• [What the task requires]:
Your copy starts at the line containing "小麦粉、バター、イースト、牛" and ends at the last line below. Copy exactly, without pictures.

• [Data below]:
# # # # # # #

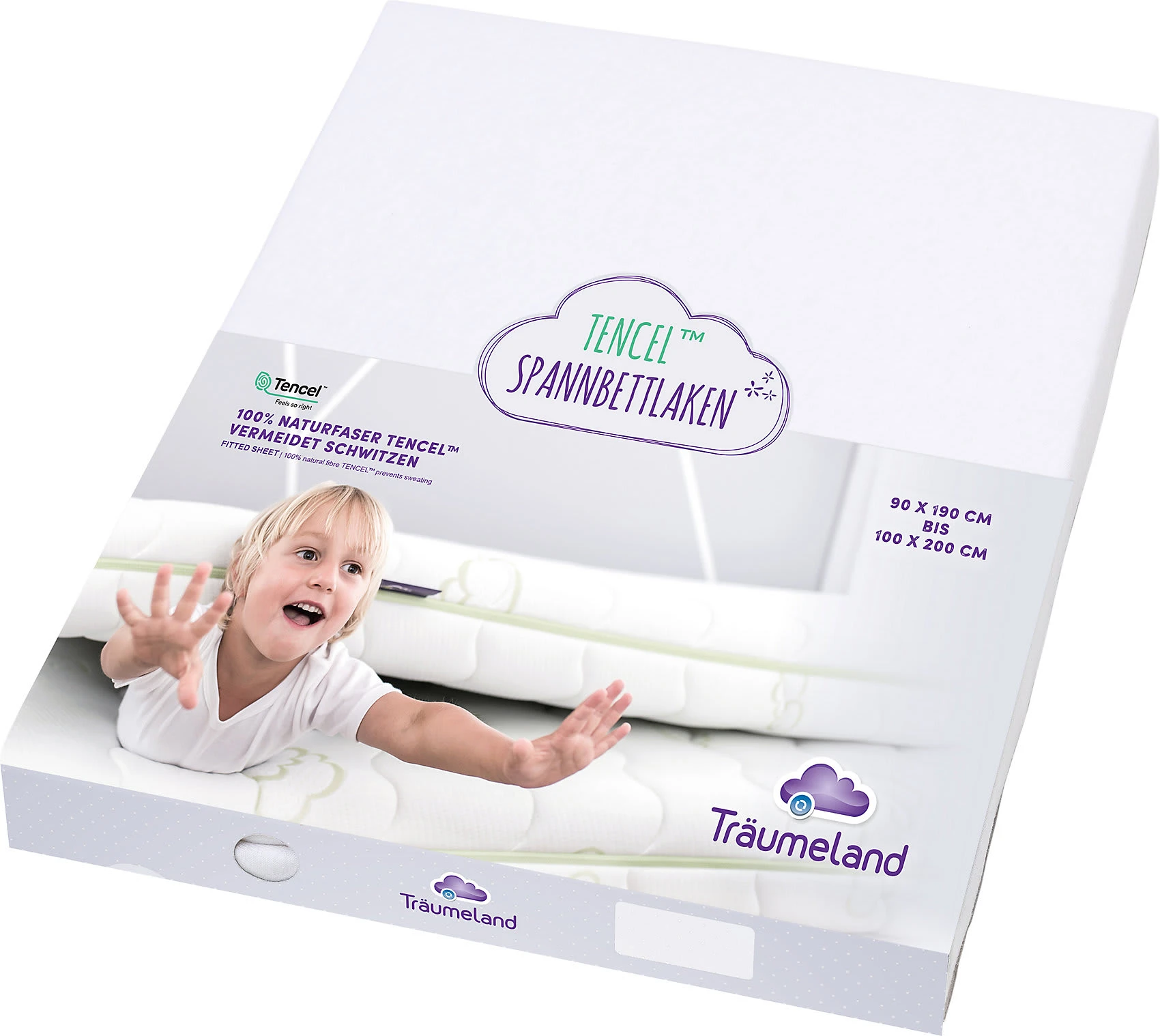 Das Träumeland Spannbettuch aus TENCEL™ zeigt sich in faltenfreiem Sitz durch abgenähte Ecken und Rundumgummi. Es ist schnell und einfach überzuziehen und besitzt eine hervorragende Spannkraft und gute Dehnbarkeit.
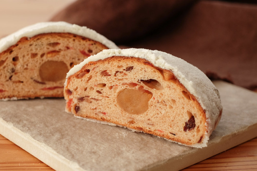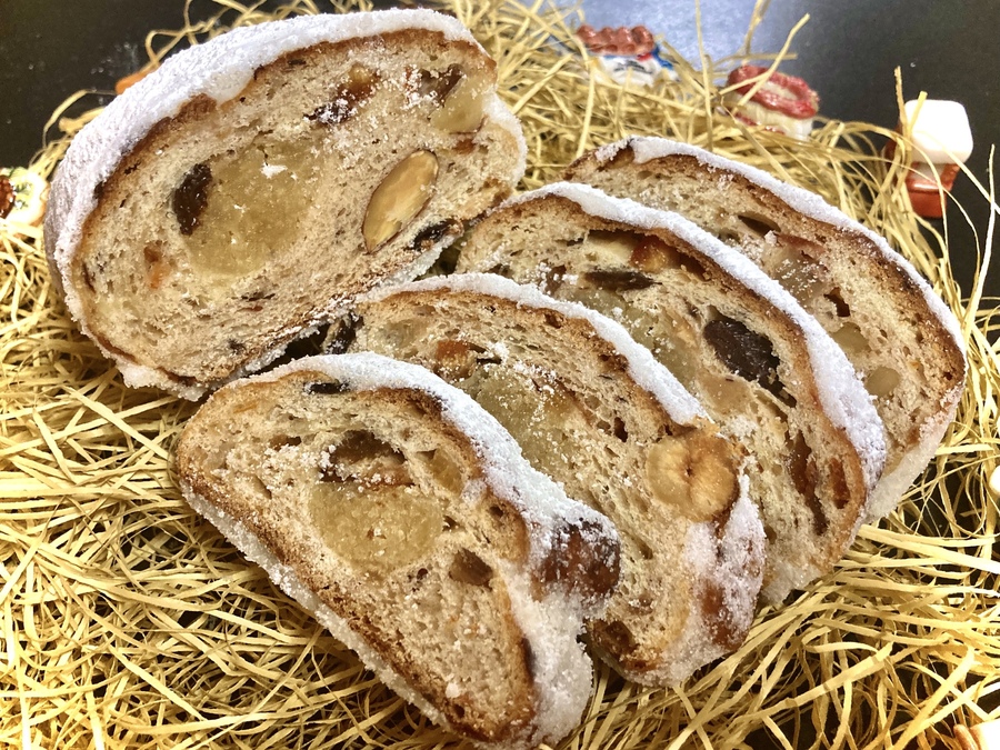 小麦粉、バター、イースト、牛乳、卵、粉糖、塩、ドライフルーツ(オレンジピール、レーズン、チェリー、パイン砂糖漬け、レモンピール、マンゴー)、ナッツ(くるみ、ヘーゼルナッツ、アーモンド)、香辛料(シナモン、ナツメグ、カルダモン)、ラム酒 ※アレルギーがご心配な方はご遠慮ください。
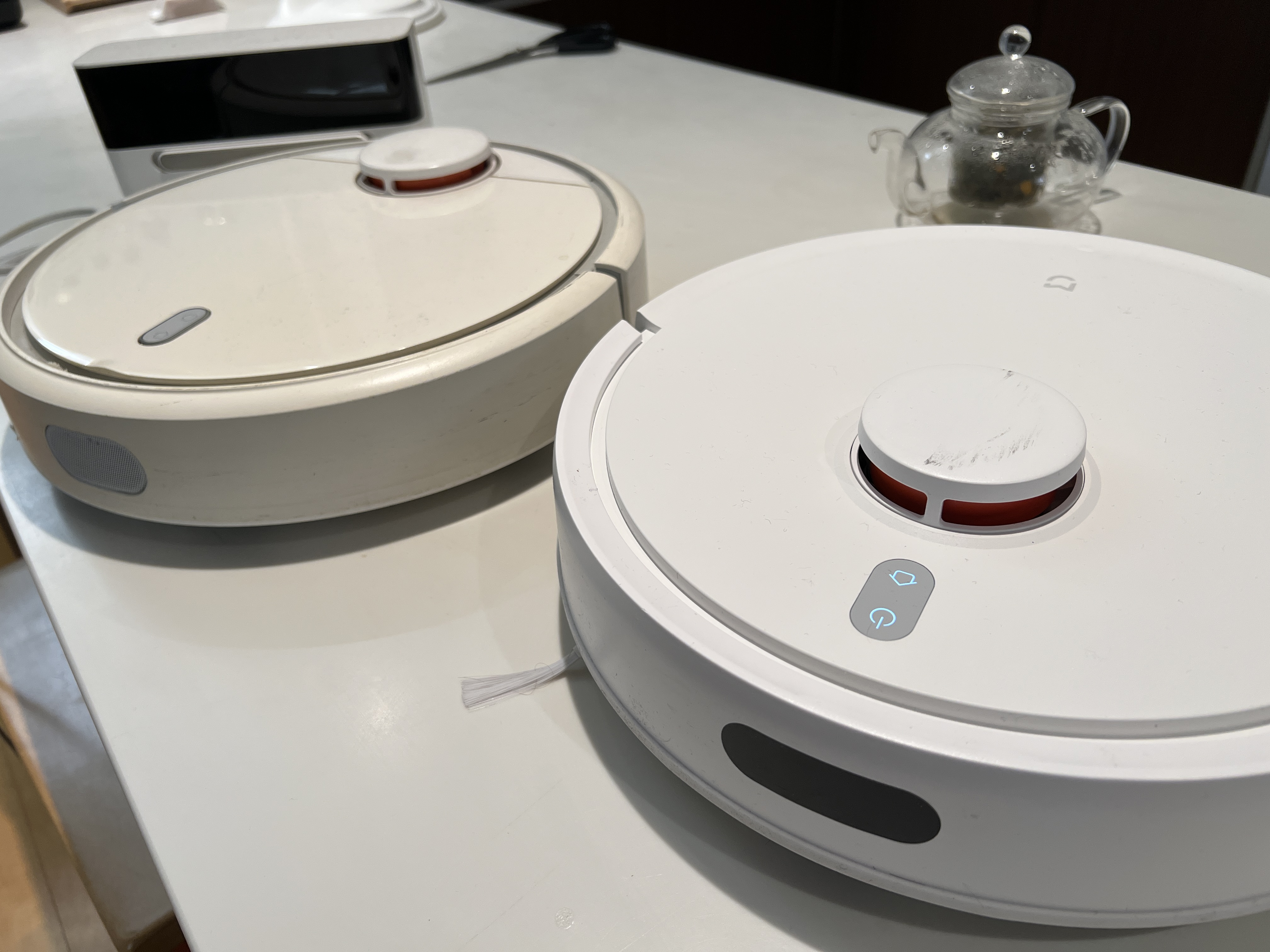 왼쪽에 있는 게 2016년부터 사용한 제품인데, 뭐 이때나 지금이나 로봇청소기 디자인에서는 크게 달라진 건 없는데, 확실히 이번에 구매한 신형 제품이 좀 더 깔끔하고 견고한 느낌이 든다.

# # # # # # #

• [Solution for this problem]:
 小麦粉、バター、イースト、牛乳、卵、粉糖、塩、ドライフルーツ(オレンジピール、レーズン、チェリー、パイン砂糖漬け、レモンピール、マンゴー)、ナッツ(くるみ、ヘーゼルナッツ、アーモンド)、香辛料(シナモン、ナツメグ、カルダモン)、ラム酒 ※アレルギーがご心配な方はご遠慮ください。
 왼쪽에 있는 게 2016년부터 사용한 제품인데, 뭐 이때나 지금이나 로봇청소기 디자인에서는 크게 달라진 건 없는데, 확실히 이번에 구매한 신형 제품이 좀 더 깔끔하고 견고한 느낌이 든다.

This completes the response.